'''
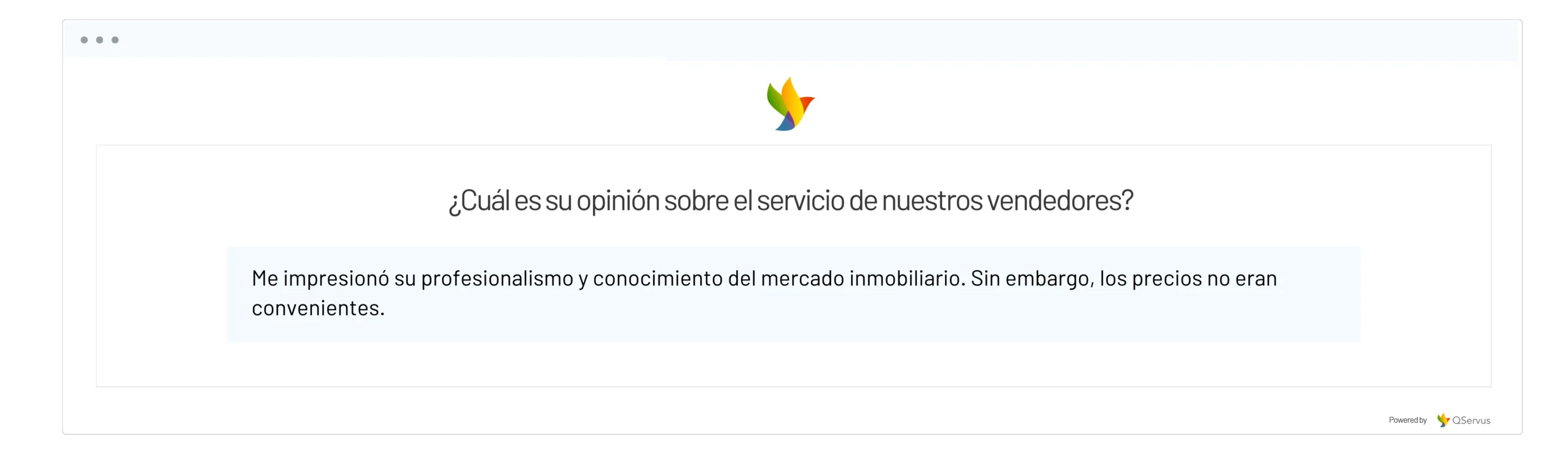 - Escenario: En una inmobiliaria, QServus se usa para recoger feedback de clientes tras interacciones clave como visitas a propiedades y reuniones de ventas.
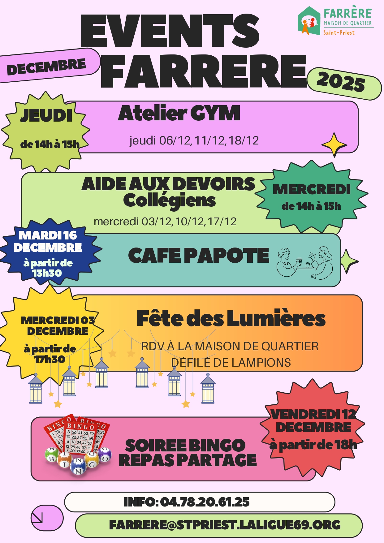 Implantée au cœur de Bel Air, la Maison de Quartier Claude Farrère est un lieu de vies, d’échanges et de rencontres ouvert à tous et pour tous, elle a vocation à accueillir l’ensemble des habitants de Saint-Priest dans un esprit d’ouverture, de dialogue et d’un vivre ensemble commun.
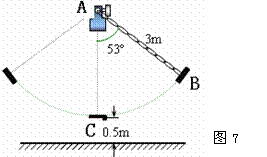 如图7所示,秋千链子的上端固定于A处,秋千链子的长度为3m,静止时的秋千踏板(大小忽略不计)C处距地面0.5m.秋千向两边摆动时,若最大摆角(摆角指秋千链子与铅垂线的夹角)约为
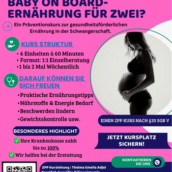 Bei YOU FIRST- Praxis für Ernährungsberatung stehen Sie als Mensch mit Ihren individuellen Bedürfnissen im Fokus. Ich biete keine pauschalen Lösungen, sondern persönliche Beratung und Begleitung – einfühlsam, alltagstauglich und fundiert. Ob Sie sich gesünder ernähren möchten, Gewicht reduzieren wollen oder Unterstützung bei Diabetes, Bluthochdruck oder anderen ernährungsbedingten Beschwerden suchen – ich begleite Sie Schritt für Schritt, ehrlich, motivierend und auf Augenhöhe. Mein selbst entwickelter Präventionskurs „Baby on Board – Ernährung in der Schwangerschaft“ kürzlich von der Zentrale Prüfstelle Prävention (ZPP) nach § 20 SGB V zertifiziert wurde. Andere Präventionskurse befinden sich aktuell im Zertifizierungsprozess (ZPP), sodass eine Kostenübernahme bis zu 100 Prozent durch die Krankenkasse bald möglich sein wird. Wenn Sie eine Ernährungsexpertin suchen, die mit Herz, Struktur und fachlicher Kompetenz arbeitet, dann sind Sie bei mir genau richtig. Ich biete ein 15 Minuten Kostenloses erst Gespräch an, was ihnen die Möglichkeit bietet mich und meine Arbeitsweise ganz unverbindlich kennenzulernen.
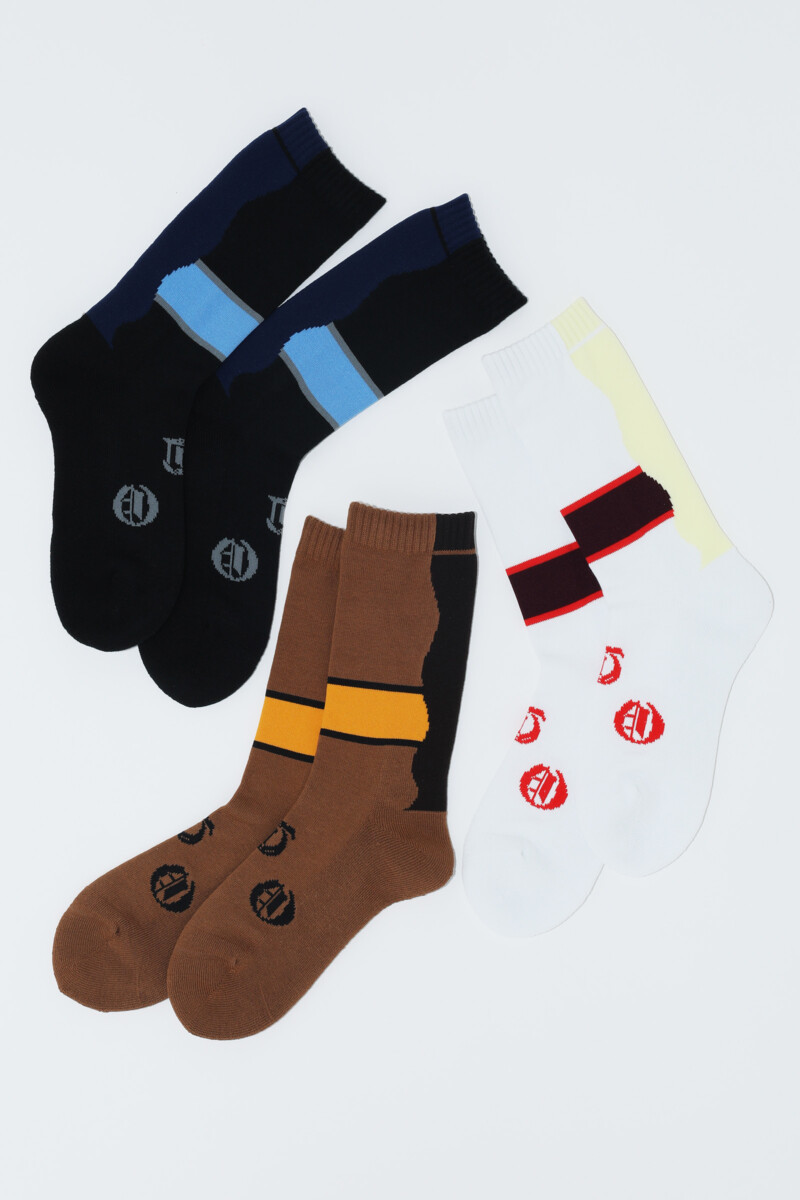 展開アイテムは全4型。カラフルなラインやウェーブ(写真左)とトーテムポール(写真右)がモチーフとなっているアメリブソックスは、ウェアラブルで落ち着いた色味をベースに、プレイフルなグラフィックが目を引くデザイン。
'''
Your instructions:
Give the entries above again word for word, without the pictures.

Answer box:
 - Escenario: En una inmobiliaria, QServus se usa para recoger feedback de clientes tras interacciones clave como visitas a propiedades y reuniones de ventas.
 Implantée au cœur de Bel Air, la Maison de Quartier Claude Farrère est un lieu de vies, d’échanges et de rencontres ouvert à tous et pour tous, elle a vocation à accueillir l’ensemble des habitants de Saint-Priest dans un esprit d’ouverture, de dialogue et d’un vivre ensemble commun.
 如图7所示,秋千链子的上端固定于A处,秋千链子的长度为3m,静止时的秋千踏板(大小忽略不计)C处距地面0.5m.秋千向两边摆动时,若最大摆角(摆角指秋千链子与铅垂线的夹角)约为
 Bei YOU FIRST- Praxis für Ernährungsberatung stehen Sie als Mensch mit Ihren individuellen Bedürfnissen im Fokus. Ich biete keine pauschalen Lösungen, sondern persönliche Beratung und Begleitung – einfühlsam, alltagstauglich und fundiert. Ob Sie sich gesünder ernähren möchten, Gewicht reduzieren wollen oder Unterstützung bei Diabetes, Bluthochdruck oder anderen ernährungsbedingten Beschwerden suchen – ich begleite Sie Schritt für Schritt, ehrlich, motivierend und auf Augenhöhe. Mein selbst entwickelter Präventionskurs „Baby on Board – Ernährung in der Schwangerschaft“ kürzlich von der Zentrale Prüfstelle Prävention (ZPP) nach § 20 SGB V zertifiziert wurde. Andere Präventionskurse befinden sich aktuell im Zertifizierungsprozess (ZPP), sodass eine Kostenübernahme bis zu 100 Prozent durch die Krankenkasse bald möglich sein wird. Wenn Sie eine Ernährungsexpertin suchen, die mit Herz, Struktur und fachlicher Kompetenz arbeitet, dann sind Sie bei mir genau richtig. Ich biete ein 15 Minuten Kostenloses erst Gespräch an, was ihnen die Möglichkeit bietet mich und meine Arbeitsweise ganz unverbindlich kennenzulernen.
 展開アイテムは全4型。カラフルなラインやウェーブ(写真左)とトーテムポール(写真右)がモチーフとなっているアメリブソックスは、ウェアラブルで落ち着いた色味をベースに、プレイフルなグラフィックが目を引くデザイン。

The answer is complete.